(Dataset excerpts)
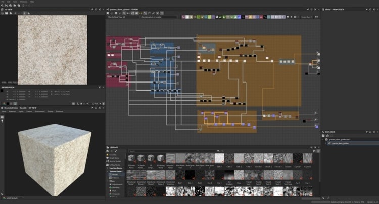 A third way I use Substance is by using the more than 7000 materials available. This resource is an invaluable aid that can help you in many ways. First it is a learning tool. It isn’t the first time I downloaded a material to check how a particular shape was created. Seeing how other professionals tackle a problem and the procedural solution used can give me an idea of how I could implement something similar when creating materials in Designer.
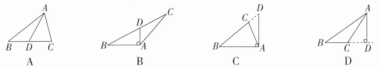 1. 下列图形中,线段AD的长表示点A到直线BC的距离的是(
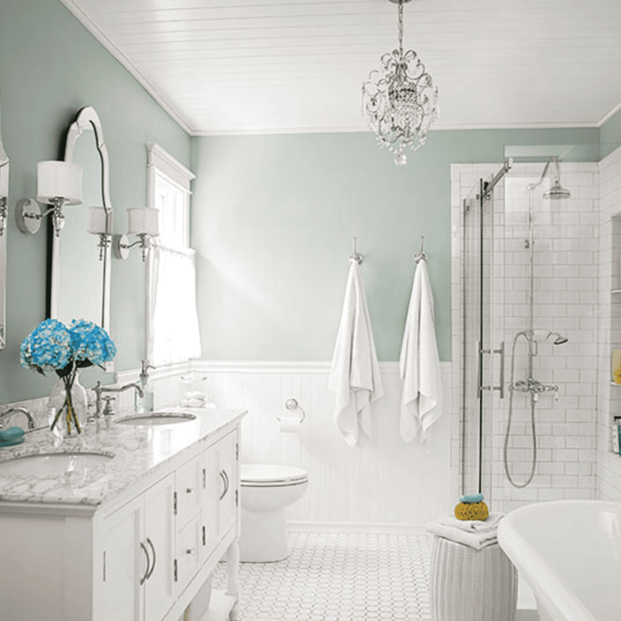 If you want to make a tight space seem larger and airier, paint the ceiling a lighter version of the hue painted on the room’s walls or simply white.
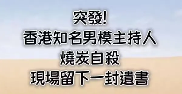 突發!香港知名男模主持人燒炭自殺,現場留下一封遺書
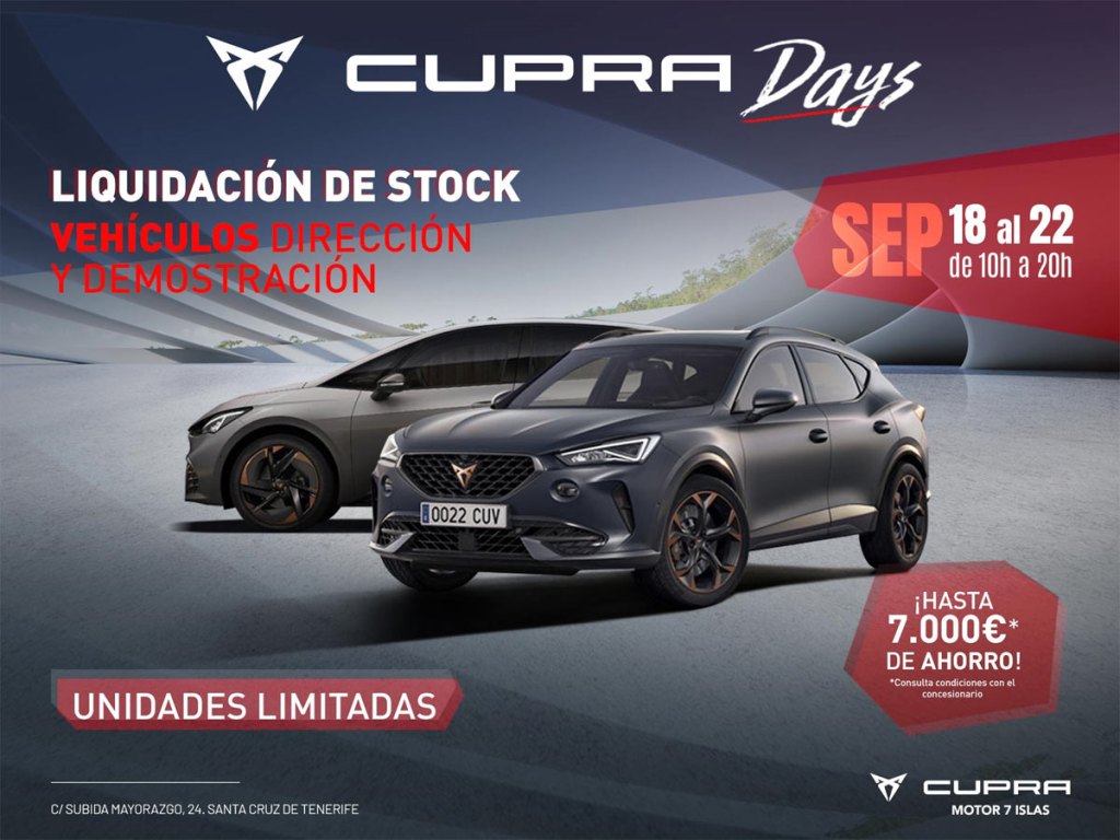 CUPRA Motor 7 Islas dará el pistoletazo de salida a los CUPRA DAYS el día 18 de septiembre, y anima a todos los interesados a acudir al Concesionario oficial CUPRA en el Polígono Mayorazgo nº 24, Santa Cruz de Tenerife para conseguir la mejor oferta.

• [Your objective] The line containing "If you want" marks the end: copy exactly every line from the start of the records up to and including it, leaving out the pictures.

• [Completed task]
 A third way I use Substance is by using the more than 7000 materials available. This resource is an invaluable aid that can help you in many ways. First it is a learning tool. It isn’t the first time I downloaded a material to check how a particular shape was created. Seeing how other professionals tackle a problem and the procedural solution used can give me an idea of how I could implement something similar when creating materials in Designer.
 1. 下列图形中,线段AD的长表示点A到直线BC的距离的是(
 If you want to make a tight space seem larger and airier, paint the ceiling a lighter version of the hue painted on the room’s walls or simply white.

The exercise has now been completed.